Теснившиеся на внутреннем дворике замка группы не спешили перемешаться: слева — двадцать три китайца, справа — около полтинника эддовцев, все такие чопорные, церемониальные и напряженные до истерики.
— ...Несмотря на ожидающую меня жестокую расплату, не смог усидеть в двухмерье, и теперь верю, что лучшее лекарство — дружеское общение с кавалером Ордена Горы Сычуань... — слащавил и лыбился Гребаха, будто сытый грудной ребенок.

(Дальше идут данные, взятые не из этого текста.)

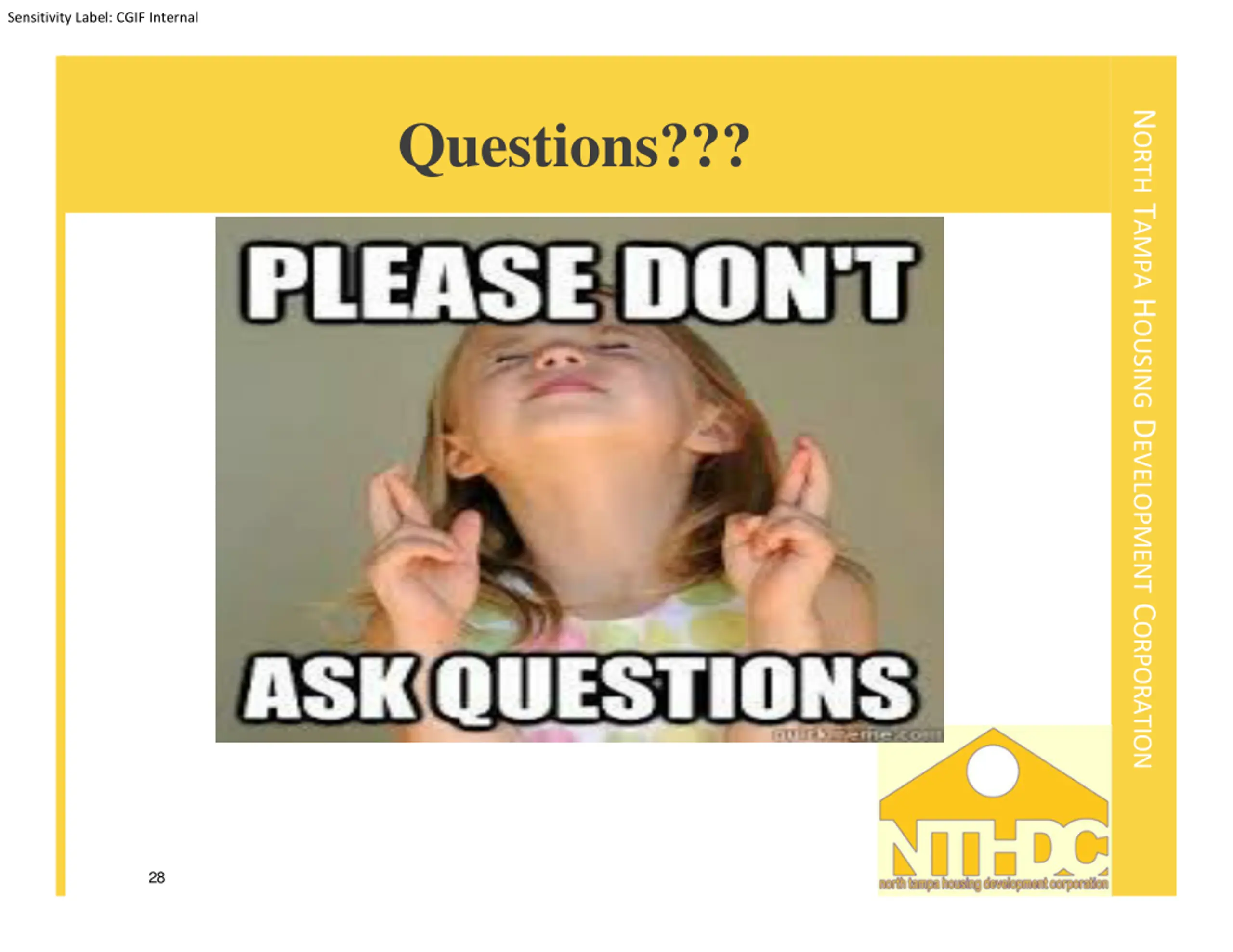Sensitivity Label: CGIF Internal Questions??? NORTH TAMPA HOUSING DEVELOPMENT CORPORATION 28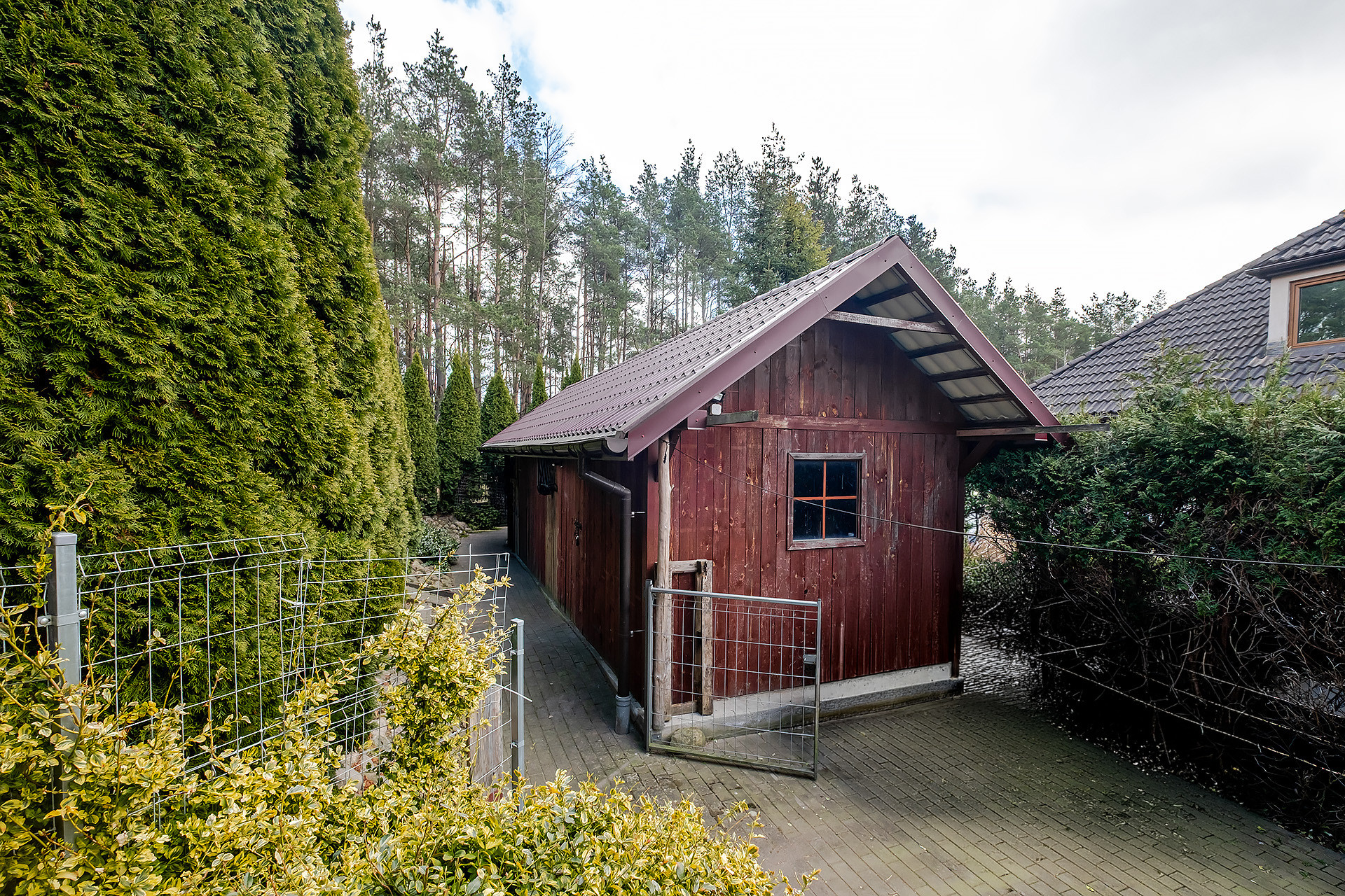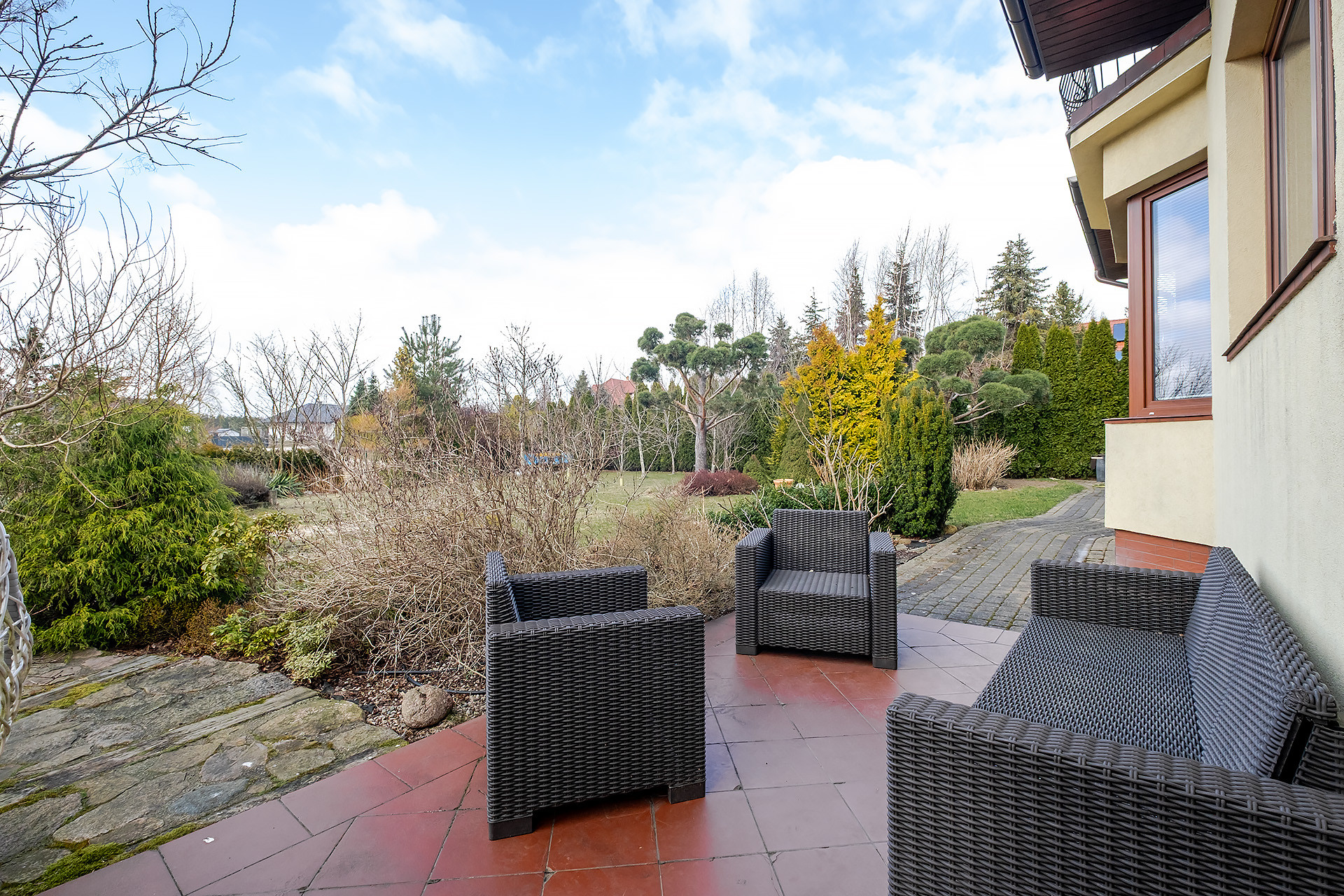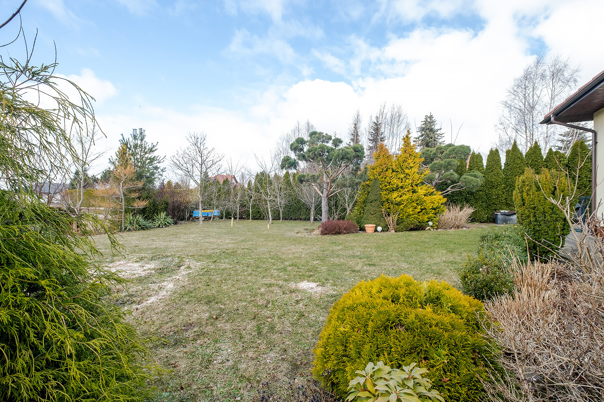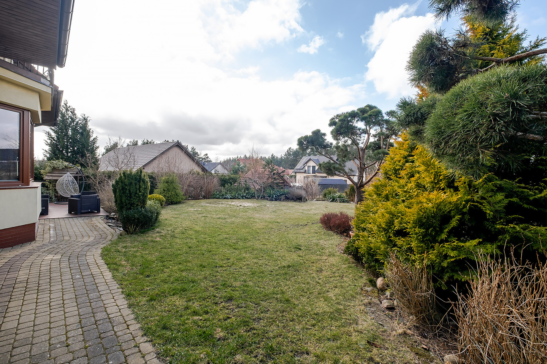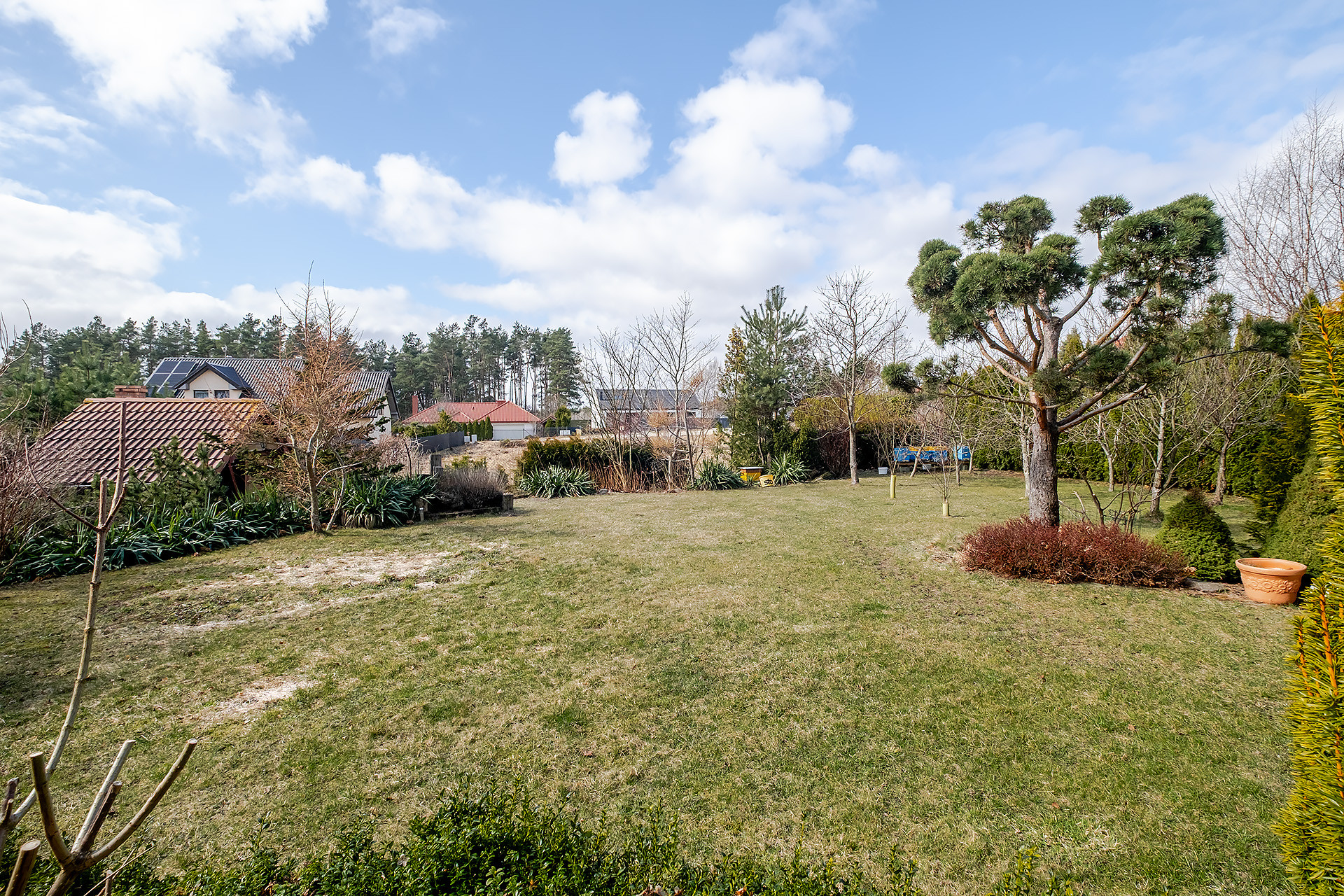 Ogród został ładnie zagospodarowany zielenią z wydzielonymi strefami na składowanie( drewutnia z komórką i wiata) oraz część z wędzarnia oraz piecem chlebowym. Dodatkowo w ogrodzie rozprowadzony jest system nawadniania oraz zbiornik na deszczówkę z pompą.

Джи-Джи мельничал-молотил в голове купюрами из досье. «Ведьма при козьей бороде», конечно же, никогда ведьмой не служила. В эпатажном обличье пребывал третий мандарин посольства Байхуа Вэньян Камень Склони-Голову. По сущности горный демон, причем тибетский, у себя на родине попавший в опалу, но обласканный в спецслужбах Небесно-Народной Армии. Он вдыхает правой ноздрей и выдыхает левой, когда бодрствует, и наоборот. А убить его можно, только перерезав горло сушеным лавровым листом... Как бы там ни было, герр Олифант отвечал, в самом убедительном значении этого слова, за сегодняшнее шоу. И обделаться, особенно после истории с Дэмиеном-Эдвардом-Ральфом, не хотелось до инстинктивной жути.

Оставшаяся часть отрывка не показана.